В третьем часу ночи я возвращался домой, полный впечатлений от знакомства с директорской дочкой, похожей на Машу Плещееву, от конфетных угощений и главное: все учителя напились пьяные! Никогда я их в таком виде не видал. Томашевич размахивал руками, хохотал и орал на всю залу; Цветков танцевал кадриль и был так беспомощен в grand rond, что гимназист сзади держал его за талию и направлял, куда надо идти, а он, сосредоточенно нахохлившись, послушно шел, куда его направляли.
Не заходя домой, я сбегал еще посмотреть на пожар. Вместо дома Добрыниных была дымящаяся груда резвалин, пахло гарью, в дыму факелов блестели каски пожарных. Тут был уютный двухэтажный домик с маленькими окнами; весною из этих окон неслись нежные звуки рояля; стройная и высокая красавица, сестра моего товарища, играла Шопена. В толпе зевак говорили, что Добрынин — богатый купец, член городской управы — давно собирался построить себе дом побольше и поджег этот, чтобы очистить место и получить страховую премию. Я в ужасе возражал:
— Но ведь могли загореться соседние дома!

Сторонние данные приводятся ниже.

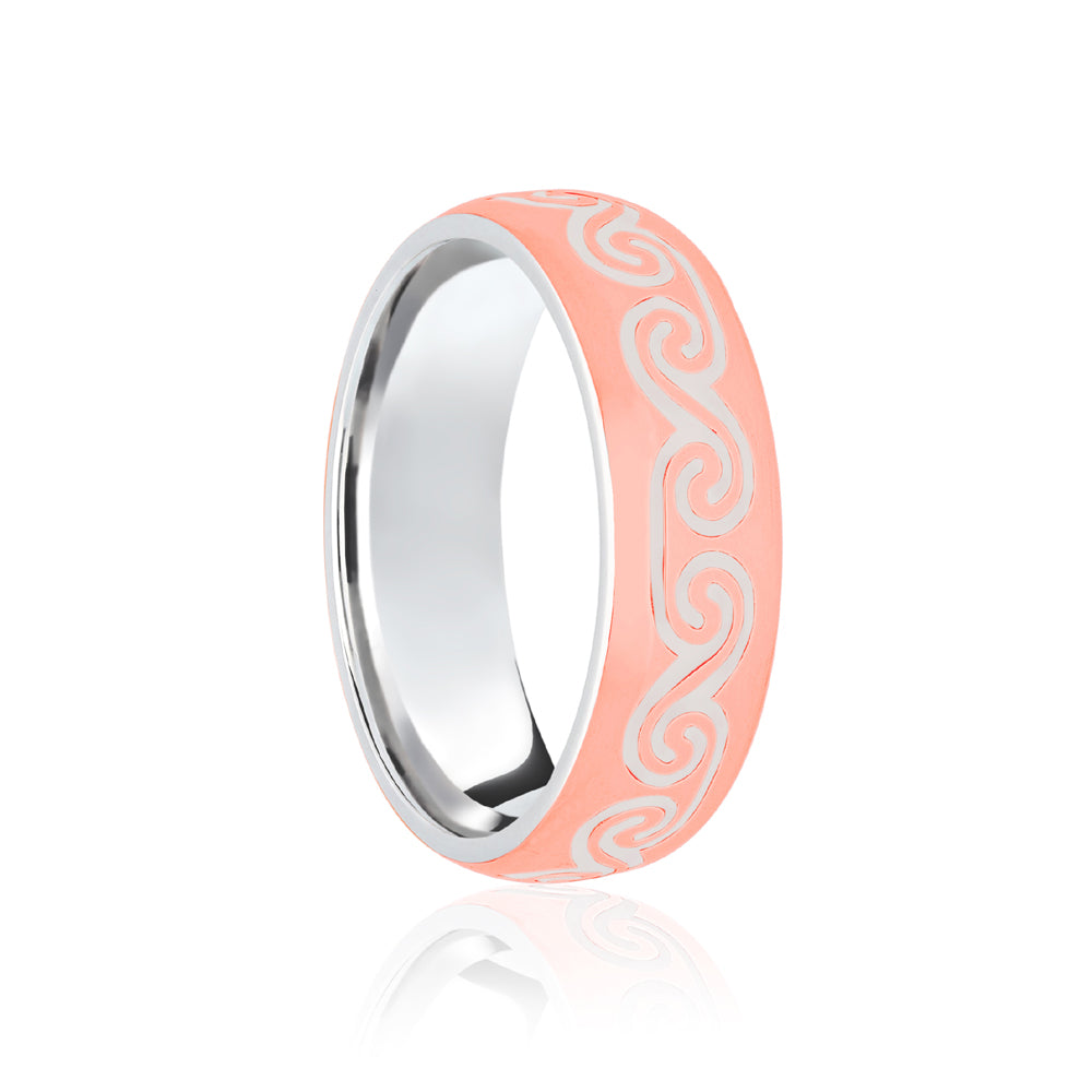 18ct Rose & White Court 5mm Celtic Laser Engraved Wedding Band. Each Bespoke jewellery item is unique and made to order, and therefore will be despatched within 4-6 weeks. Please note that bespoke, personalised and engraved items cannot be returned.

— Ну и что ж! А ему до того какое дело!
— Штраховку получит полностью, везде други-приятели сидят.
Дверь мне отворила мама. Папа уже спал. Я с увлечением стал рассказывать о пьяных учителях, о поджоге Добрыниным своего дома. Мама слушала холодно и печально, В чем дело? Видимо, в чем-то я проштрафился. Очень мне было знакомо это лицо мамино: это значило, что папа чем-нибудь возмущен до глубины души и с ним предстоит разговор. И мама сказала мне, чем папа возмущен: что я не приехал домой с бала, когда начался пожар.

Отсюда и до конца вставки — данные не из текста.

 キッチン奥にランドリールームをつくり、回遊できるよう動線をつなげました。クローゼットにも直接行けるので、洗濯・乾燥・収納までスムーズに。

Папа утром прошел мимо меня, как будто не видя. И несколько дней совсем не замечал меня, в моем присутствии его лицо становилось каменно-неподвижным. Наконец, дня через четыре, когда я вечером пришел к нему прощаться, он, как все эти дни, холодно и неохотно ответил на мой поцелуй и потом сказал:
— Мне с тобой, Виця, нужно поговорить.
И отчитал меня. Когда мне понадобились перчатки, я сейчас же помчался домой, чтобы взять деньги, а когда так близко от нашего дома случился пожар, я пальца о палец не ударил и продолжал себе танцевать.

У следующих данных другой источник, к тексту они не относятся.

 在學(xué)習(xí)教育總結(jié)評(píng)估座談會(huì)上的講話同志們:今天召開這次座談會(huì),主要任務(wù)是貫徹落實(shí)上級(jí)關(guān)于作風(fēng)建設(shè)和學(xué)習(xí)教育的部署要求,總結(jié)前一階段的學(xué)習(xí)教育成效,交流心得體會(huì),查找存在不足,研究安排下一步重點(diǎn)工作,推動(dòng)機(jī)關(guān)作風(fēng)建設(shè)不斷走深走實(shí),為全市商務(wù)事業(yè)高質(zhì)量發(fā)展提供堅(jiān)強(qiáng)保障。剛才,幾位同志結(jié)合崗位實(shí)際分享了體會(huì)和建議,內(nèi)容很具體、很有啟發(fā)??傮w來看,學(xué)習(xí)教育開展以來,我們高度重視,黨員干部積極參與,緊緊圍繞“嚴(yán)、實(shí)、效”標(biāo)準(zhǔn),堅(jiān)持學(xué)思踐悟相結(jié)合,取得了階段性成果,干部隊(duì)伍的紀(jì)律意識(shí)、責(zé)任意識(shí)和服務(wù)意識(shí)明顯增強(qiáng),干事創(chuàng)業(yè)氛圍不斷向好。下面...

— Да я знал, что пожар у Добрыниных, что это далеко.
— Как далеко? Всего полквартала, ветер был как раз в нашу сторону. Да и как ты вообще мог оттуда судить, нужен ты или не нужен? Всякий чуткий мальчик, не такой черствый эгоист, как ты, сейчас же бы бросился домой, сейчас же спросил бы себя, — не беспокоятся ли мама с папой, не понадоблюсь ли я дома? А у тебя только и заботы, что о белых лайковых перчатках.
Взвешивая теперь все обстоятельства, я думаю: совсем не к чему было мне приезжать с бала; я вправду вовсе не был нужен дома, — а просто я должен был проявить чуткость и заботу, тут больше была педагогия. Но тогда мне стало очень стыдно, и я ушел от папы с лицом, облитым слезами раскаяния.
Через полтора года на месте добрынинского пожарища вырос просторный двухэтажный дом с огромными окнами, весною они были раскрыты настежь, и из них далеко по тихой улице опять неслись нежные и задумчивые мелодии Шопена.
Поэтический мой гений, создав первый стихотворный продукт, о котором я уже рассказывал, опочил на целых полтора года. Снова пробудился он 28 мая 1882 года.